Let's say you need to debug an issue which happens only when the daemon is run as a service as it does not happen when run manually. Ideally you would connect to a running instance, but if the issue happens right after starting the daemon. One option would be utilizing systemtap to add a sleep() in one of the early functions (TBD: add an automated way of doing that or remove this tip if it's not worth it). Another idea is to make the init system run the gdb command we need.

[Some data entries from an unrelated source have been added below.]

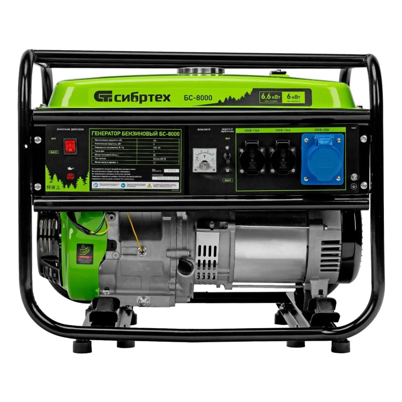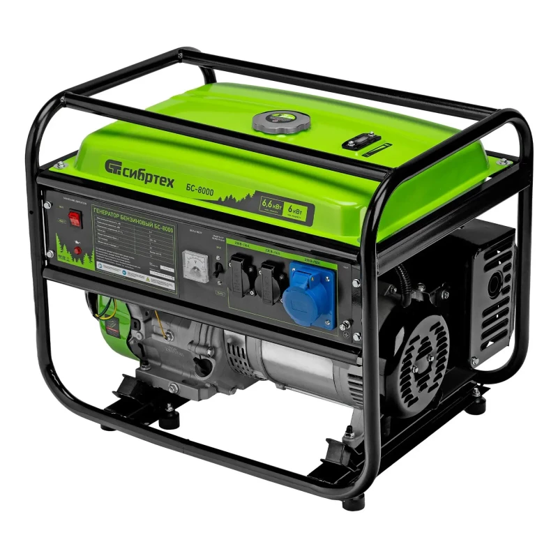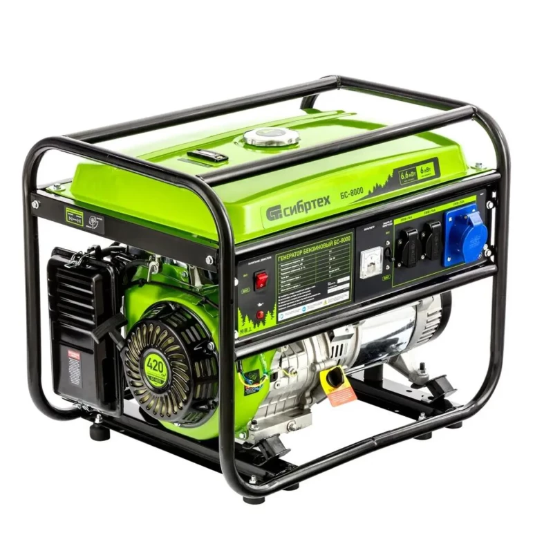 Купить инструмент Генератор бензиновый БС-8000, 6,6 кВт, 230В, четырехтактный, 25 л, ручной стартер Сибртех в Красноярске по цене 47790 рублей. Смотрите другие 69 товаров в разделе Электростанции бензиновые по ценам от 9990 до 363390 рублей. Родительская категория - Силовое оборудование. Производитель - Сибртех.
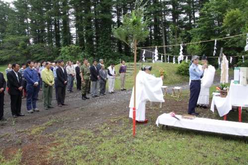巖手山の登山ル-トは、八幡平市側に4-ス、滝沢村側に1コース、雫石町側に2-ス、併せて7コ-スあります。今年も3市町村合同の山開きとなり、主要コ-スとなっている焼走り登山口(午前6時〜)、柳沢?馬返し登山口(午前6時〜)、網張登山口(午前5時20分〜)で、今シ-ズンの安全を願っての祈願祭が行われました。
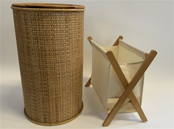Lotto composto da un portaombrelli in midollino ed un portariviste in legno e tessuto (lievi difetti)
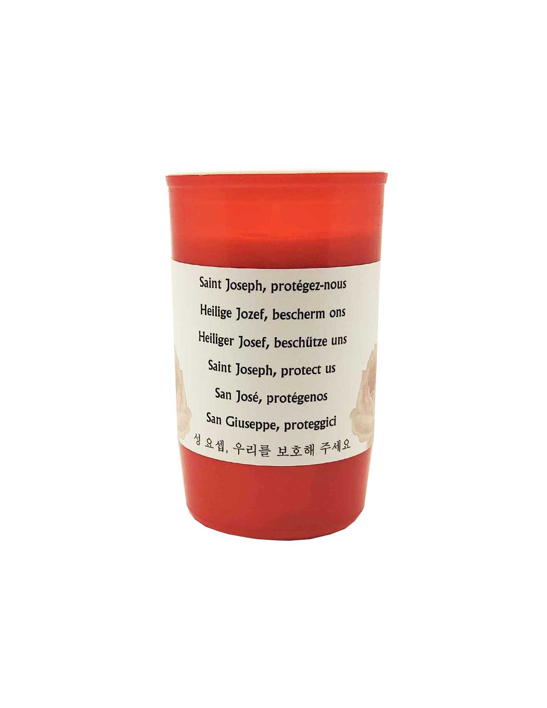 Esta vela votiva de aceite, dedicada a San José, simboliza la protección, el trabajo, la familia y la confianza.
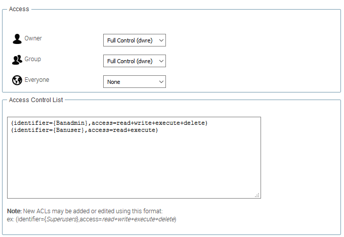 The protection settings grants access to the system, owner, group and world classes are as follows:
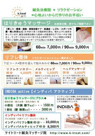 数ある治療院、マッサージ院の中から、ケイトリートをお選びいただきまして本当にありがとうございます。
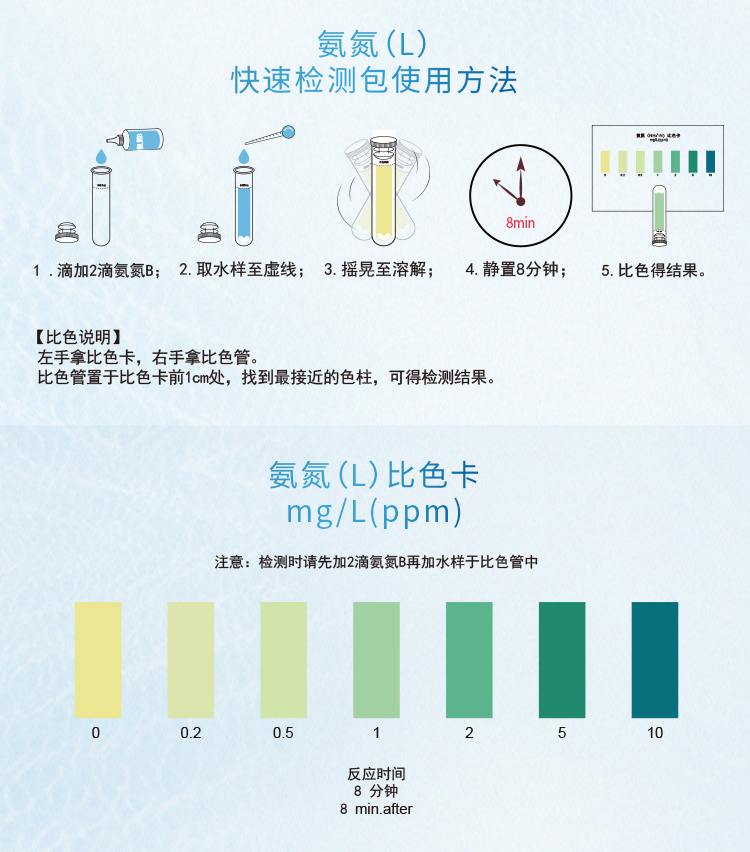 2.本產(chǎn)品檢測(cè)水中游離態(tài)的氨(NH3)或銨離子(NH4+)含量在0-10mg/L(ppm)范圍內(nèi),若要檢測(cè)10mg/L以上濃度水樣,請(qǐng)預(yù)先稀釋水樣后再進(jìn)行測(cè)定,具體操作見(jiàn)稀釋說(shuō)明書(shū)。
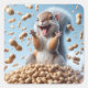 Ein fröhliches Eichhörnchen steht auf einem Haufen von Erdnüssen mit einem breiten Grin, umgeben von Erdnüssen, die um ihn fallen
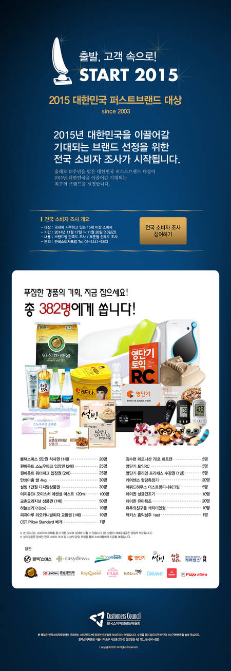 [소비자경제=장은정 기자]‘2015 대한민국 퍼스트브랜드 대상’을 선정하는 전국 소비자조사가 17일부터 26일까지 열흘간 진행된다.
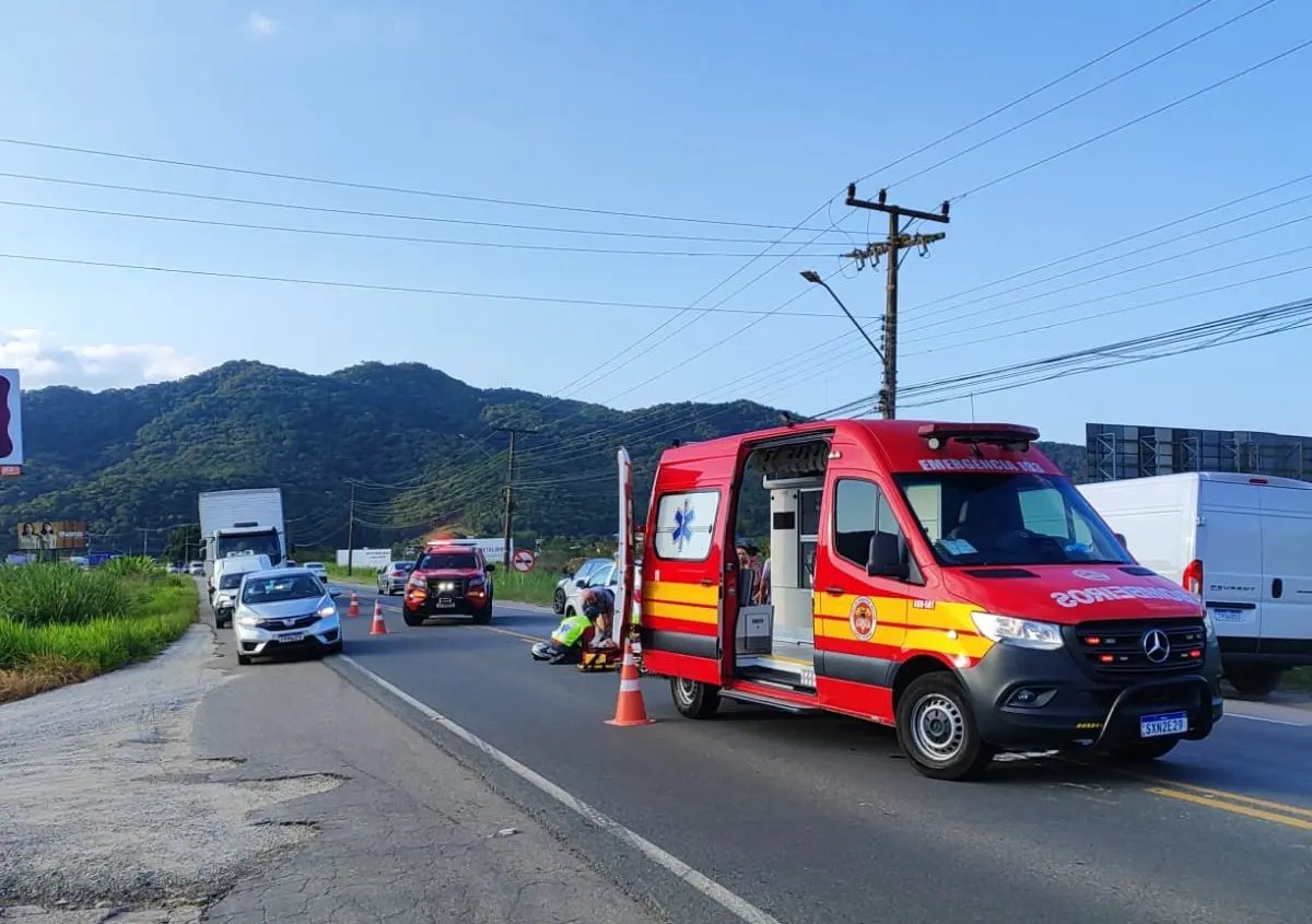Um casal ficou ferido após uma colisão envolvendo uma motocicleta e um carro na tarde desta sexta-feira (17). O acidente foi registrado por volta das 16h22, na rodovia Ivo Silveira, no bairro Bateias, em Gaspar.
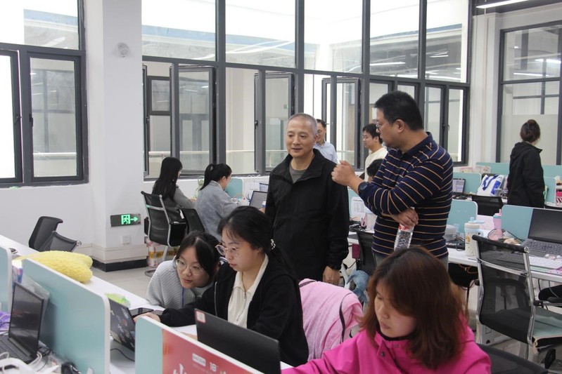 图为领导老师走访实习生工作场地 摄影:李美霖
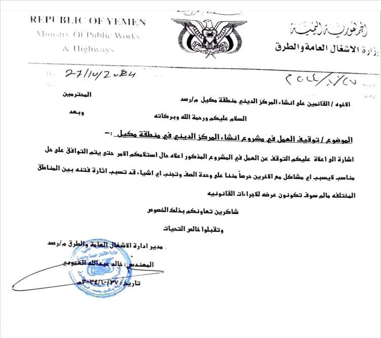 وأظهر تعميم رسمي صادر عن مكتب الأشغال العامة والطرق في مديرية رصد يافع، توجيهات بإيقاف البناء في إنشاء مركز ديني سلفي في المديرية.

In systemd world we can do this easily by overriding the ExecStart parameter:

# cat >/etc/systemd/system/libvirtd.service.d/override.conf <<EOF
[Service]
ExecStart=
ExecStart=/usr/bin/gdb --batch -x /var/lib/libvirt/gdbabortscript /usr/sbin/libvirtd $LIBVIRTD_ARGS
EOF

Daemon needs to be reloaded to know about this file:

# systemctl daemon-reload

We also need to make sure that the file we created will be readable by the service. DAC should be fine, SELinux might get tricky. By placing the file under /var/lib/libvirt this should be readable by both the init system and the libvirt daemon, but we need to make sure it has a proper context:

# restorecon -F /var/lib/libvirt/gdbabortscript /etc/systemd/system/libvirtd.service.d/override.conf

We actually do not need this to be read by the init system, but gdb will most probably run under the same SELinux context as init, the context for libvirtd gets changed by a transition rule which depends on the current runnning context and the context of the binary being executed, so that whould apply only when libvirtd is being started. This should work most of the time. If it does not work for you, please figure out a way and add it here.

Now we need to restart the daemon:

# systemctl restart libvirtd.service

Beware, the command will not end until libvirtd itself ends as systemd is waiting for sd_notify() from gdb's PID, but that function is being called by libvirtd.

You should get the full backtrace of in the output of:

# journalctl -u libvirtd.service